Small Business Income Tax Offset

The Small Business Income Tax Offset offers unincorporated small businesses in Australia the opportunity to reduce their tax payable by up to $1,000 per year. The offset is calculated based on the proportion of tax payable on the business income. To determine the amount of the offset, the Australian Taxation Office (ATO) assesses the business income reported in the tax return.

Eligibility Criteria for the Small Business Income Tax Offset

To be eligible for the Small Business Income Tax Offset, you must meet the following criteria:

 

  1. Carrying on a small business as a sole trader: As a sole trader, you must be actively engaged in running a small business.
  2. Share of net small business income from a partnership or trust: If you are a partner or beneficiary of a partnership or trust, you must have a share of net small business income.
  3. Aggregated turnover of less than $5 million: Your small business must have an aggregated turnover of less than $5 million for the income year.

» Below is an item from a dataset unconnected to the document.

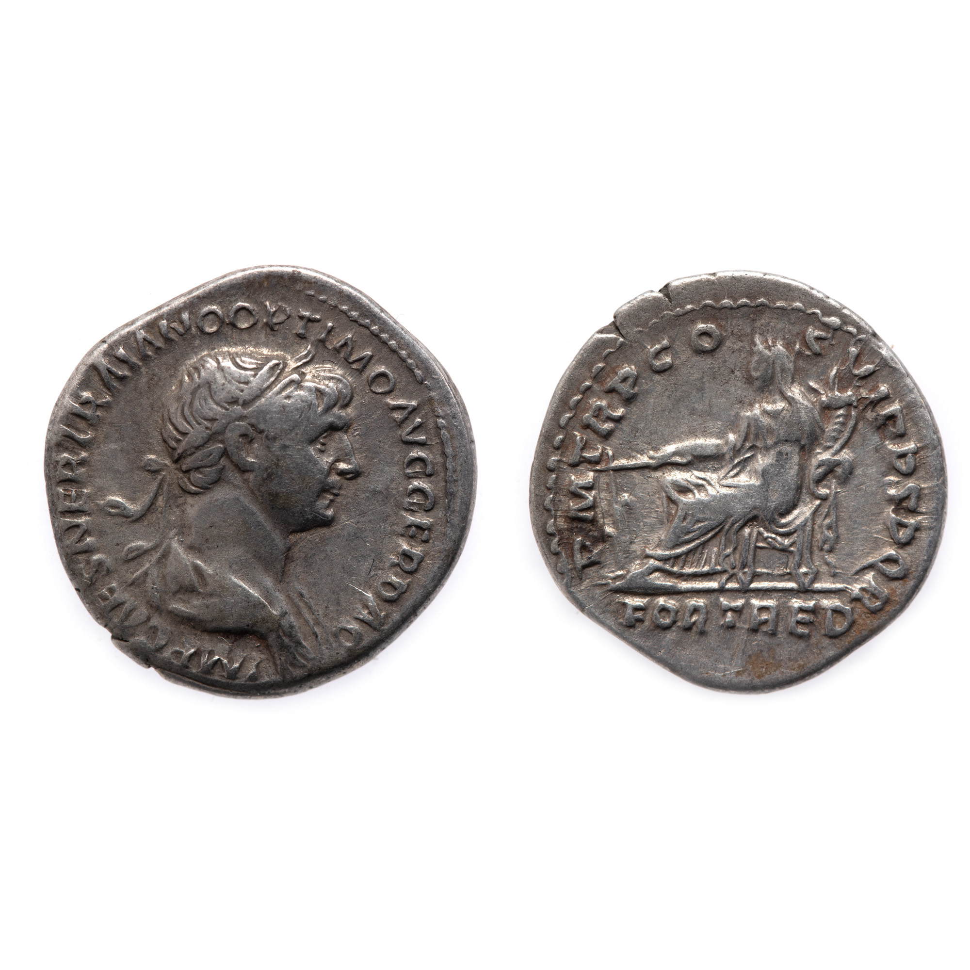 Legendă avers: "IMP CAES NER TRAIANO OPTIMO AVG GER DAC" Legendă revers: "P M TR P COS VI P P S P Q R FORT RED"

Working Out the Small Business Income Tax Offset

The Small Business Income Tax Offset is calculated based on the proportion of tax payable related to your total net small business income. The offset rate and threshold depend on the income year of your tax return.

If your total net small business income is equal to or greater than your taxable income, the offset will be the rate of offset multiplied by your basic income tax liability for the year. The offset amount will be clearly indicated on your notice of assessment from the ATO.

Claiming the Small Business Income Tax Offset

To claim the Small Business Income Tax Offset, you do not need to perform any additional calculations. The ATO calculates the offset amount using the information provided in your tax return. The offset amount will be displayed on your notice of assessment.

If you are a sole trader, your net small business income is used to calculate your Small Business Income Tax Offset. Calculating your net small business income involves subtracting any allowable deductions and expenses related to your business from your total business income. The resulting amount is your net small business income. Once you have calculated your net small business income, you can determine your Small Business Income Tax Offset using the following steps:

  1. Calculate your basic income tax liability: This is the tax payable on your taxable income before applying any offsets or deductions. You can use the tax rates and thresholds provided by the ATO to calculate this amount.
  2. Determine the proportion of tax payable related to your net small business income: Divide your net small business income by your taxable income. This will give you the proportion of tax payable related to your business income.
  3. Calculate the offset amount: Multiply the proportion of tax payable related to your net small business income by the applicable offset rate for the income year. The result is your Small Business Income Tax Offset.

It’s important to note that the ATO will automatically calculate the offset amount when processing your tax return. The information you provide in your tax return, including your net small business income, will be used to determine the offset.

This article is for general information only. It does not make recommendations nor does it provide advice to address your personal circumstances. To make an informed decision, always contact a registered tax professional.